┌─ Records provided
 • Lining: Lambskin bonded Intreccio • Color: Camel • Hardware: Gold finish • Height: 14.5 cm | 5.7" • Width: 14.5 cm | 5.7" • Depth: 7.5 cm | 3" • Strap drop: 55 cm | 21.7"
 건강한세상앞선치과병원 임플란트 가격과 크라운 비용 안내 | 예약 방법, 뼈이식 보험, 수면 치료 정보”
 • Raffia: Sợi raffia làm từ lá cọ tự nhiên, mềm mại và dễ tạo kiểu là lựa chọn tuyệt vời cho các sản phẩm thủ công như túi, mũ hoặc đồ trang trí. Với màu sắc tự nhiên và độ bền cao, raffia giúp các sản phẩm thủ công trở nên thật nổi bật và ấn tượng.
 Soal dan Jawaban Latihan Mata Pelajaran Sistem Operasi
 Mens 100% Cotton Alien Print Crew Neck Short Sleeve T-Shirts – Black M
└─
┌─ Records provided
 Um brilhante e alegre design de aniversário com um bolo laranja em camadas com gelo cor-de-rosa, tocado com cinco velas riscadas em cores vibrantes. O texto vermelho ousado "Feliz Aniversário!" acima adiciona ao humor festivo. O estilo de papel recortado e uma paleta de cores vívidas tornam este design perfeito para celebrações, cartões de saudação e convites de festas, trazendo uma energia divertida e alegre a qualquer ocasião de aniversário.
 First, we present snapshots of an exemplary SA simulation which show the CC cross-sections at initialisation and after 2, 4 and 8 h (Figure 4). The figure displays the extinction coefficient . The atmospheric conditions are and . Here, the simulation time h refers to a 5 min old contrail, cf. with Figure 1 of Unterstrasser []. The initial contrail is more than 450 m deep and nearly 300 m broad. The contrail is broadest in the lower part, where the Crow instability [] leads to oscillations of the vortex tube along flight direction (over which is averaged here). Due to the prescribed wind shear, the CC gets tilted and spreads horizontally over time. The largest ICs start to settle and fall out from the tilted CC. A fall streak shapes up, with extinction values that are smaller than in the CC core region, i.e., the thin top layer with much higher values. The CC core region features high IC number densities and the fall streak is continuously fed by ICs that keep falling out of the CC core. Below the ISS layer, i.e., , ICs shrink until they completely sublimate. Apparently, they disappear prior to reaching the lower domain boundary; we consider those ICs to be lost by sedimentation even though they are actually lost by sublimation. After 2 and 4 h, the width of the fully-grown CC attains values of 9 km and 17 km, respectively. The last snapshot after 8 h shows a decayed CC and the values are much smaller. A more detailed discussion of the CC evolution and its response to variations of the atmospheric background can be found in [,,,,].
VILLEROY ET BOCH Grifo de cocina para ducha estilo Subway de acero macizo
└─
All lines above that include the word "estilo" should be located and copied.

Answer section
 Um brilhante e alegre design de aniversário com um bolo laranja em camadas com gelo cor-de-rosa, tocado com cinco velas riscadas em cores vibrantes. O texto vermelho ousado "Feliz Aniversário!" acima adiciona ao humor festivo. O estilo de papel recortado e uma paleta de cores vívidas tornam este design perfeito para celebrações, cartões de saudação e convites de festas, trazendo uma energia divertida e alegre a qualquer ocasião de aniversário.
VILLEROY ET BOCH Grifo de cocina para ducha estilo Subway de acero macizo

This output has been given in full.